Good luck to everyone and thanks again to celeron for his inspiring efforts!

PostPosted: Thu Jun 23, 2011 13:07
by bahamada
@cisoun: that could be a problem with the static initalizer list... I get warnings from that, but currently I dunno whats the "right" way to initalize the array. But this should be a smaller issue...
(Edit: Warning detail: extended initializer lists only available with -std=c++0x or -std=gnu++0x)

@spongie: You could look into my master... I did much refactoring and also encapuslated stuff in classes etc...

PostPosted: Thu Jun 23, 2011 13:53
by bahamada
celeron55 wrote:bahamada: I am interested in including your addition of OpenAL support, can you provide a clean patch for it?

Yes this should be no Problem...

Edit: https://bitbucket.org/celeron55/minetest/pull-request/2/audio-subsystem

PostPosted: Fri Jun 24, 2011 07:55
by spongie
See issue #19 http://bitbucket.org/celeron55/minetest/issue/19/new-input-controls.

I will make a test implementation as a suggestion and we'll see where it goes from there. If celeron likes this idea, put my name up in the whodoeswhat wiki. :)

PostPosted: Fri Jun 24, 2011 21:54
by spongie
Input refactoring test implementation here:

http://bitbucket.org/spongie/minetest-spongie/changeset/f69d72ff4e2d

- Replaces InputHandler with abstract NewInputHandler (I know, I don't know why I kept the old one) that handles presses, releases and states of keyboard, mouse buttons and joystick buttons.

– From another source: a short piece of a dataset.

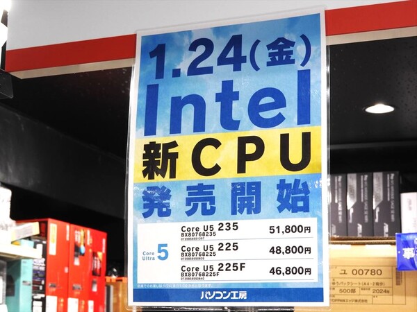 Arrow Lake-Sことインテルの最新デスクトップ向けCPU「Core Ultra 200S」シリーズの「Non-K」モデルが発売となった。登場したのは、「Core Ultra 5 225」、「Core Ultra 5 225F」、「Core Ultra 5 235」の3モデル。秋葉原では、パソコンショップアーク、ドスパラ秋葉原本店、パソコン工房 秋葉原パーツ館、ソフマップAKIBA パソコン・デジタル館、ツクモパソコン本店、TSUKUMO eX.で販売中だ。

Also reads mouse position and joystick axes realtime.
The current only implementation is IrrlichtInputHandler which uses Irrlicht to get input.
- Adds Controller, abstract type for setting up control variables based on settings.
- Implemented Controller's: GameController (used while playing) and MenuController (will be used when a menu or window is active).

Todo:
- Dynamic binding of keys, mouse and joystick axes to each possible control.
- Integrate MenuController with the UI.
- Complete the joystick portion in GameController.

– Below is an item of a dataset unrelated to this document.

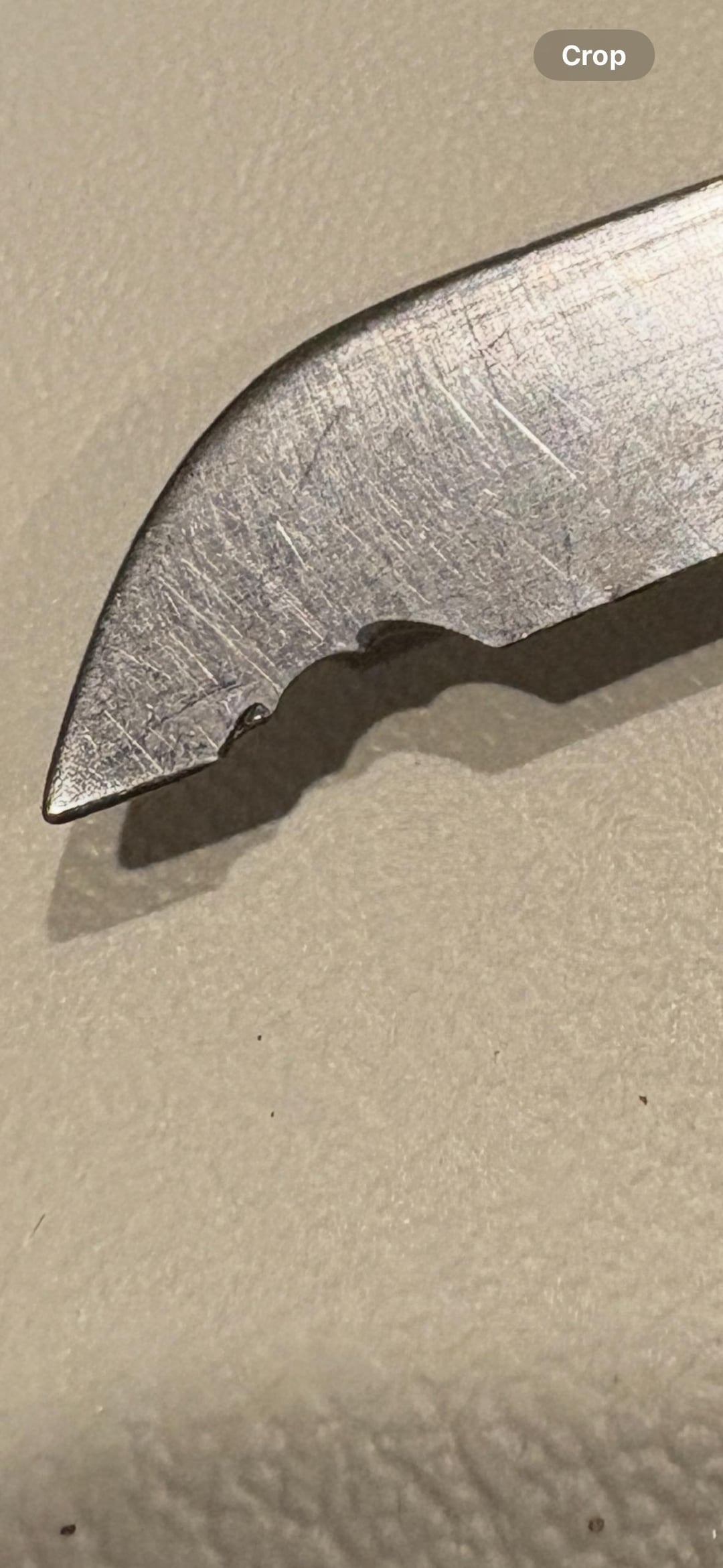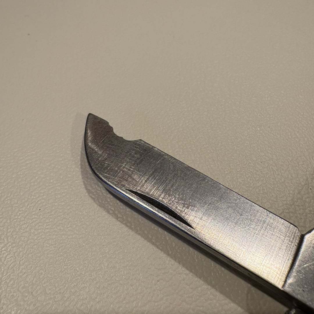 Found this 307 Buck in my dad’s shop. Is this shape intentional, or is it a chip? It just seems shaped too pleasantly to be a chip. Maybe it’s from someone trying to open a bottle with it?

Any number of Controller implementations can be written for any type of control interface, say vehicles, in game, controlling the cursor in menus using a joystick etc. A controller is updated from any number of NewInputHandler implemenations, this means we can easily add 3rd party input without changing any game controllers or game code.

It's getting late and I've been working on this all day so, cheers and good night!

PostPosted: Sat Jun 25, 2011 11:53
by spongie
So this is what has become of suggestion for replacing the old controls.

Overview:
http://bitbucket.org/spongie/minetest-spongie/wiki/Home

It's looking OK. It's quite comfortable playing the game with joystick.

There's still an issue with Irrlicht mouse events and using setPointer to keep the cursor in the middle of the screen. I'm hoping I'll figure it out soon tho.